# Installing Mac OSX...on a Mac :-/



## AsphyxiA (Jan 27, 2007)

'kay, i know this sounds really stupid but i need some help. so i ve tried to install a new version of Mac OS X on my friends powerbook. problem is, it wont load!  1st i reboot then i press c.  I can hear the dvd drive running but it still loads into the OS. Then i try to boot from within Mac OSX, it then asks for administrator permissions then reboots. Then it trys to boot to disk BUT it get this mac face icon and a question mark then it boots into the OS.


----------



## Wile E (Feb 8, 2007)

Sorry for the late reply. Did you get it figured out? If not, How old is the powerbook? Are you 100% positive that it reads DVDs, many of the older ones came with a cd burner only. Do you have another Mac available? I have an idea, but you need another Mac for it.


----------



## AsphyxiA (Feb 9, 2007)

i know it has a dvd burner because we burned a ton of pics to dvd.


----------



## AsphyxiA (Feb 9, 2007)

i know it has a G4 processor, a GB of RAM, and a 100GB hard drive.  Thats about as much info as i know about it.  I know it has a very large monitor, it seems like one of the higher end lappys.


----------



## Wile E (Feb 9, 2007)

Scratched, dirty, or just plain bad disk will cause that problem as well. Did you test the disk on anything else?


----------



## ktr (Feb 9, 2007)

usually you have hold down c for a while till the apple logo with a processing ring around it pops up.


----------



## AsphyxiA (Feb 9, 2007)

yeah i did hold down c, thats what i get when i do hold down c. when i don't, it just boots back into the current install, or trys at least


----------



## AsphyxiA (Feb 9, 2007)

Wile E said:


> Scratched, dirty, or just plain bad disk will cause that problem as well. Did you test the disk on anything else?
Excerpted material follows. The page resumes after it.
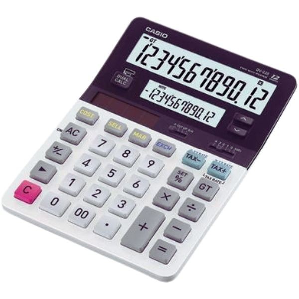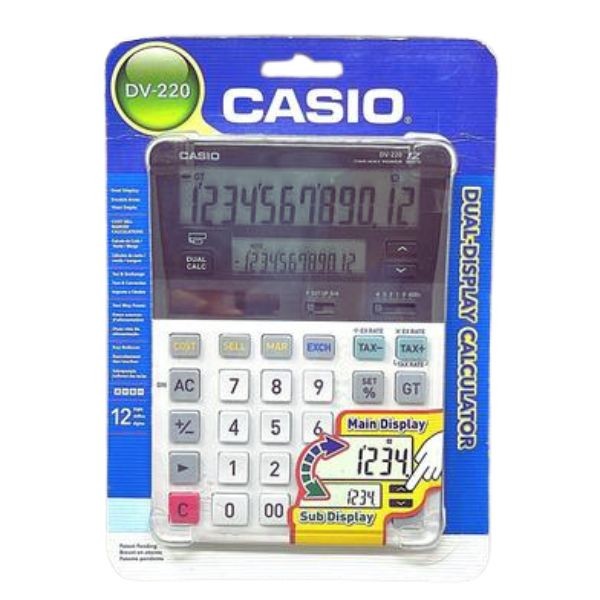 The Casio DV-220 is a versatile dual-display desktop calculator designed for enhanced efficiency and convenience in daily calculations. Featuring a unique dual-screen functionality, it allows users to compare values side-by-side or perform separate calculations simultaneously. This makes it particularly useful for professionals, students, and anyone requiring accurate and efficient multi-step computations.

mounted it within OSX, tried to reboot from disk, no luck though


----------



## Wile E (Feb 9, 2007)

Sounds like a bad disk to me or it could be a dirty dvd drive. Could try cleaning it out with one of those laser cleaning disks, or a can of air.


----------



## ktr (Feb 9, 2007)

try holding down c right before the apple boot sound...


----------



## Wile E (Feb 9, 2007)

You could alternatively hold the option key at boot up, it will take you to the os selection screen. It should show both the hard drive and dvd as bootable. If the dvd doesn't show, then you know it's either a problem with the dvd or the dvd drive. Make sure you press it before the start up chime and continue to hold option until the os selection screen shows up.


----------